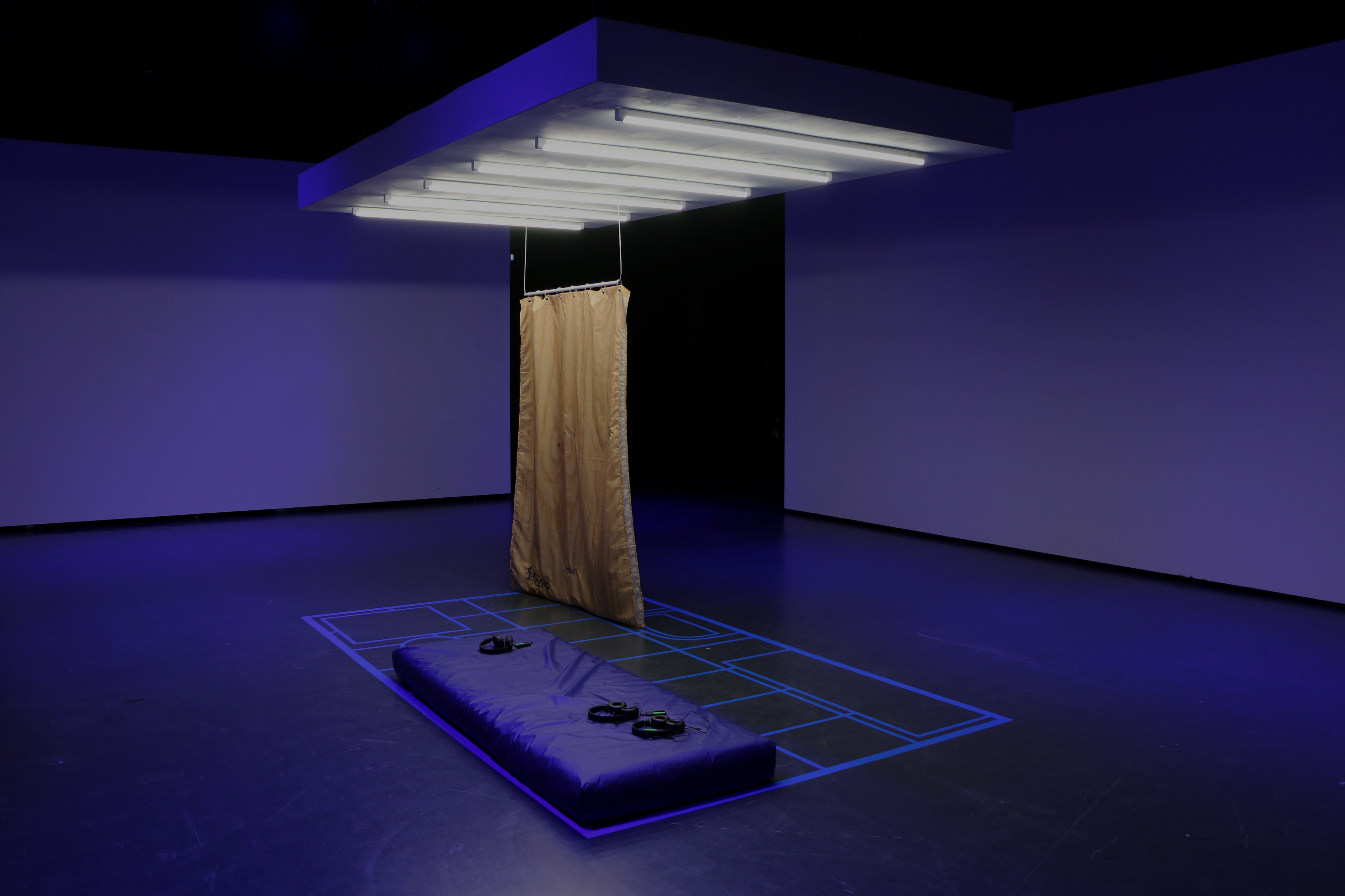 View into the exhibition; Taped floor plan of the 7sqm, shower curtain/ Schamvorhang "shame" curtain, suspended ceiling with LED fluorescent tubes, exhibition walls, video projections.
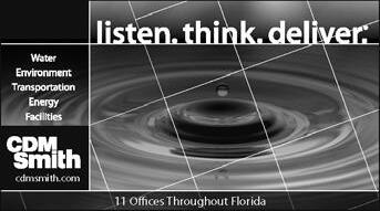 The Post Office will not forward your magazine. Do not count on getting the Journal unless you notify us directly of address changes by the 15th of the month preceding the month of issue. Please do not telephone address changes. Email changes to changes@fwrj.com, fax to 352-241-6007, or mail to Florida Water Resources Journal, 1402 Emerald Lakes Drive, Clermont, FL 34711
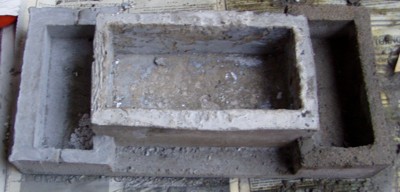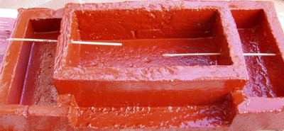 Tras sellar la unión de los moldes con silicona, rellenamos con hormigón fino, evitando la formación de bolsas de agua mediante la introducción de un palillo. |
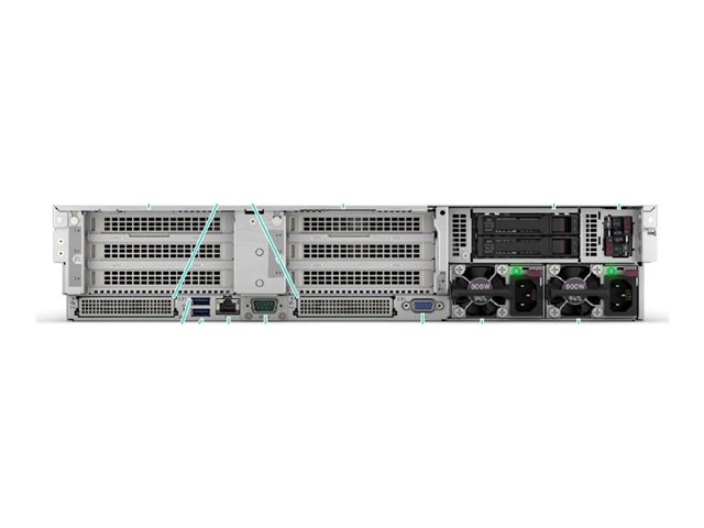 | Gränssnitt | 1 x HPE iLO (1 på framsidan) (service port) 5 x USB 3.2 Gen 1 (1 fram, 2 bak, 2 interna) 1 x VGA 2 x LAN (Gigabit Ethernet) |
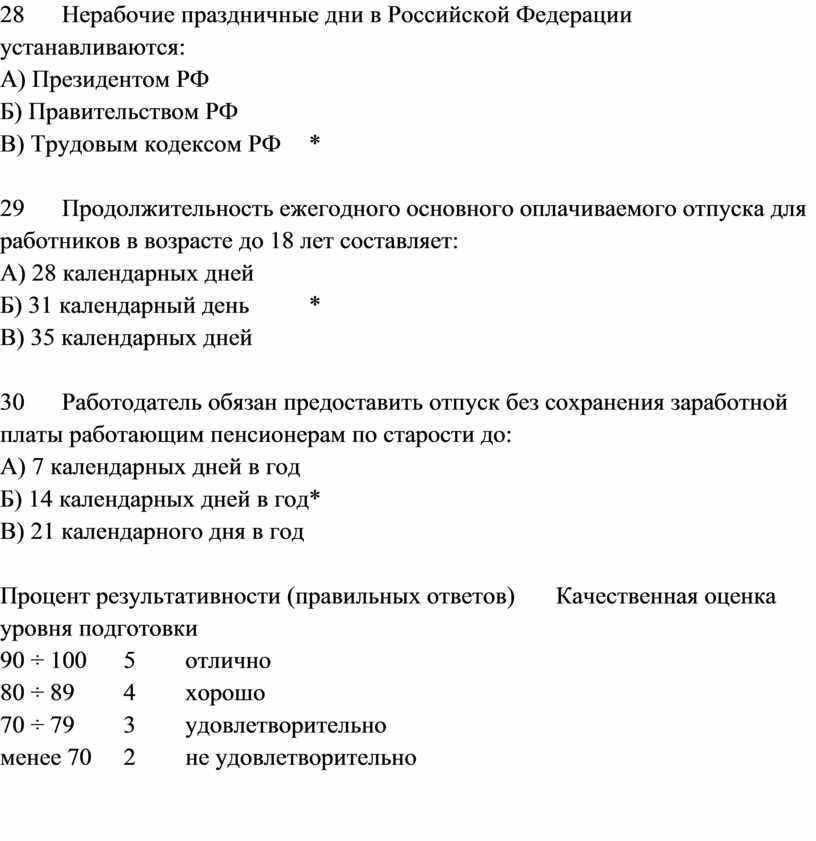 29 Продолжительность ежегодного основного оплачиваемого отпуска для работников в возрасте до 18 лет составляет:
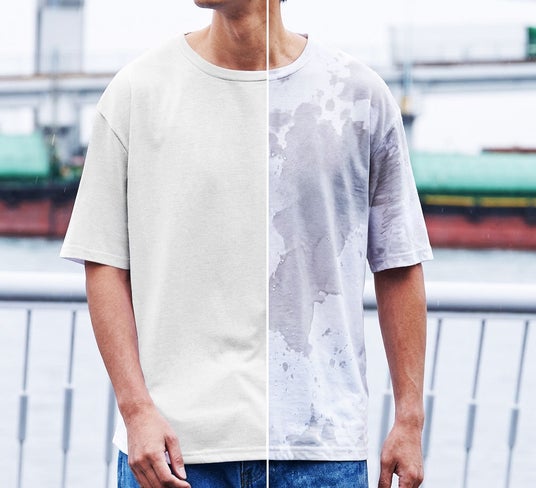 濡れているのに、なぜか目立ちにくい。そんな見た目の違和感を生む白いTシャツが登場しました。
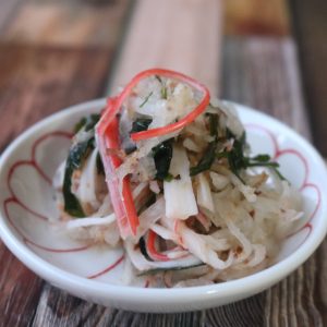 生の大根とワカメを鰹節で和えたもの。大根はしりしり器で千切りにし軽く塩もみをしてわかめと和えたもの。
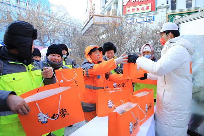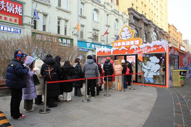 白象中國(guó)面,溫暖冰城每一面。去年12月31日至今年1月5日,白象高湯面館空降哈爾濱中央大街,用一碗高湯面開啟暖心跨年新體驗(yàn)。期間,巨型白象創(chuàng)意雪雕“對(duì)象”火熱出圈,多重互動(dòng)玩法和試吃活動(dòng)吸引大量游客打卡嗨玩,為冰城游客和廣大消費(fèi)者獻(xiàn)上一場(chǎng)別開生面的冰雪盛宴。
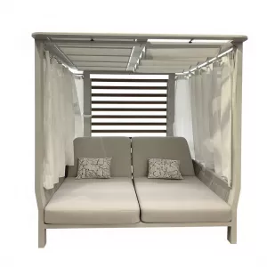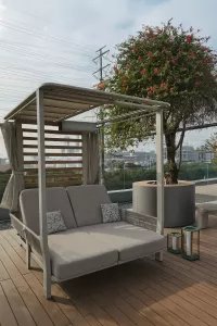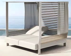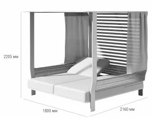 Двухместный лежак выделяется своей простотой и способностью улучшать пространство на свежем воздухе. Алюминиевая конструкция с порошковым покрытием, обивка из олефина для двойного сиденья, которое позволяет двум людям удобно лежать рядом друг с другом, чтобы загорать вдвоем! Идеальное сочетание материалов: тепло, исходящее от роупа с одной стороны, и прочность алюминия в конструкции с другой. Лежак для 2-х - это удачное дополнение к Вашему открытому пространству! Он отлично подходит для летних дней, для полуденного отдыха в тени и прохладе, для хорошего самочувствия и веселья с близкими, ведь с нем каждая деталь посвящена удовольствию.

——————

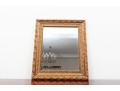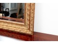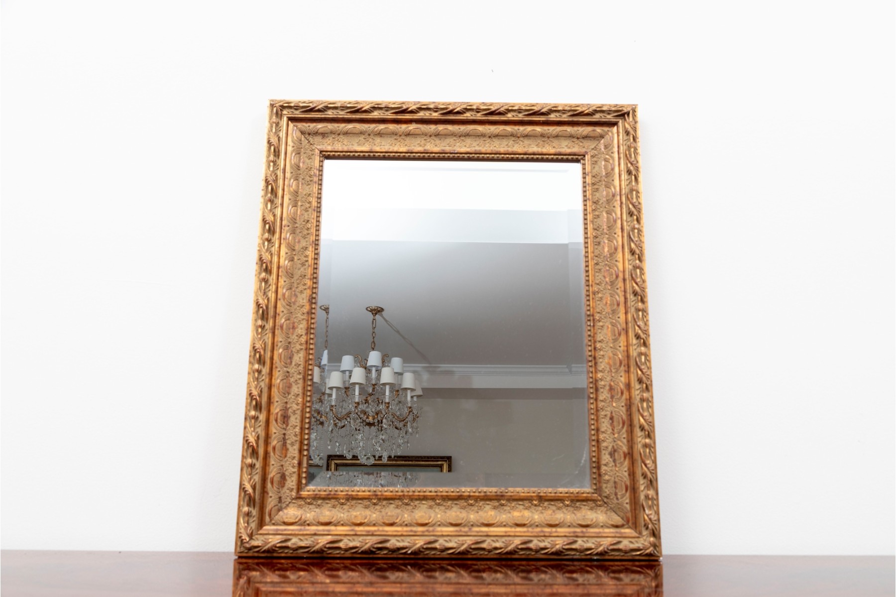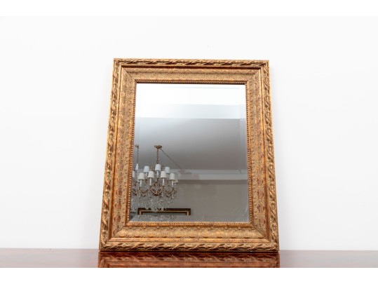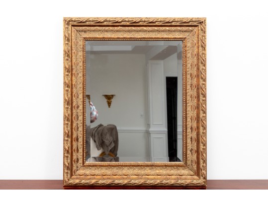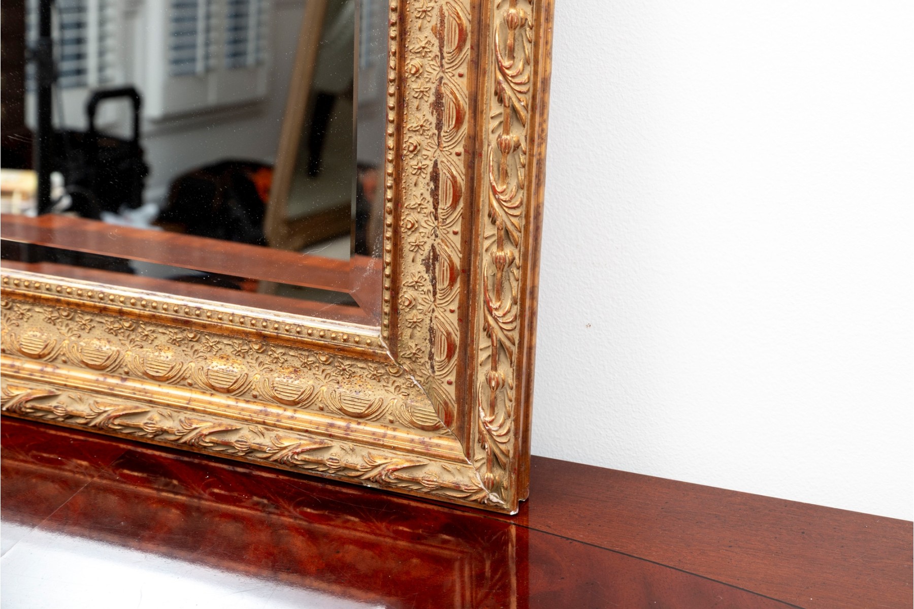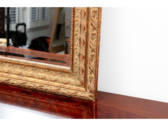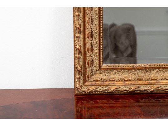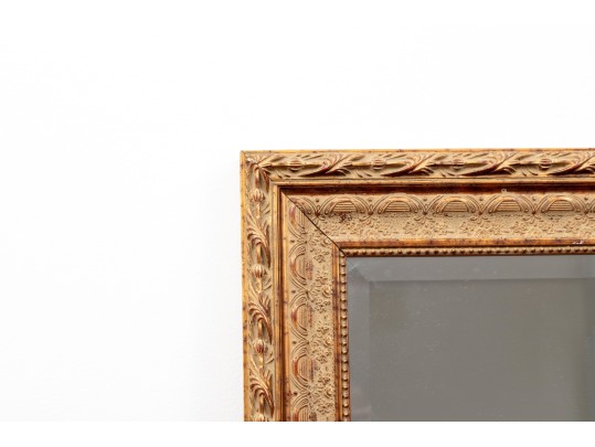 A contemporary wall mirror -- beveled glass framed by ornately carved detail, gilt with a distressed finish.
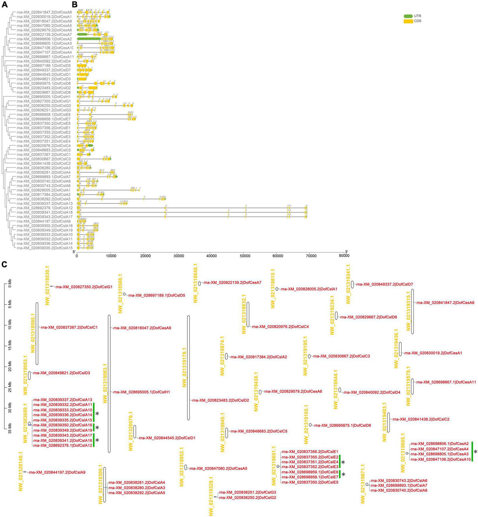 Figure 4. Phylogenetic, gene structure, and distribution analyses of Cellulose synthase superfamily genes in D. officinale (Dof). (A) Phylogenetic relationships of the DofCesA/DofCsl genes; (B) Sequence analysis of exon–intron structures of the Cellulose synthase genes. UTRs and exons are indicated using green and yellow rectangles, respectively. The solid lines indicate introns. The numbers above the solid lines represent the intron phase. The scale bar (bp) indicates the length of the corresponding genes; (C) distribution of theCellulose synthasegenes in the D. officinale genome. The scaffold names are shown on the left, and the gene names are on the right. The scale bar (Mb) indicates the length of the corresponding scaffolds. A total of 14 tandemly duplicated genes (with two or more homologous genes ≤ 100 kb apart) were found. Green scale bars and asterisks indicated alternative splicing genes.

——————

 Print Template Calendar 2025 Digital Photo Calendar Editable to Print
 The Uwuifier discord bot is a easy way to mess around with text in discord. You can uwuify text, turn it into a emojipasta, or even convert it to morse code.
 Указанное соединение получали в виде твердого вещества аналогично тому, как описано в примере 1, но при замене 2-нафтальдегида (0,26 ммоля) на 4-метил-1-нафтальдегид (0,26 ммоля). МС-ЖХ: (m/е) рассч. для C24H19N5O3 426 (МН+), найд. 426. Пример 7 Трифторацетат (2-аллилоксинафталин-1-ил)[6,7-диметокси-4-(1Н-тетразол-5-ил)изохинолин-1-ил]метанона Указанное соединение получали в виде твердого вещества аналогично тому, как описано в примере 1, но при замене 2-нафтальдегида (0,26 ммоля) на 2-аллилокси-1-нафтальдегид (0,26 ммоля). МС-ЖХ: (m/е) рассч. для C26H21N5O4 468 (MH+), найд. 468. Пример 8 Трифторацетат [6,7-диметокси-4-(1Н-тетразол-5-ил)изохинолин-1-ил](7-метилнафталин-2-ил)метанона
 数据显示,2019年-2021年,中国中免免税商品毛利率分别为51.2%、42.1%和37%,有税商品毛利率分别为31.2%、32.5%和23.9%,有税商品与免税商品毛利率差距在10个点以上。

——————

» Your goal
Working from the entries above, please transcribe only the lines from the line with "View into the" through the line with "The Post Office", exactly, with both end lines and without pictures.

» Result
 View into the exhibition; Taped floor plan of the 7sqm, shower curtain/ Schamvorhang "shame" curtain, suspended ceiling with LED fluorescent tubes, exhibition walls, video projections.
 The Post Office will not forward your magazine. Do not count on getting the Journal unless you notify us directly of address changes by the 15th of the month preceding the month of issue. Please do not telephone address changes. Email changes to changes@fwrj.com, fax to 352-241-6007, or mail to Florida Water Resources Journal, 1402 Emerald Lakes Drive, Clermont, FL 34711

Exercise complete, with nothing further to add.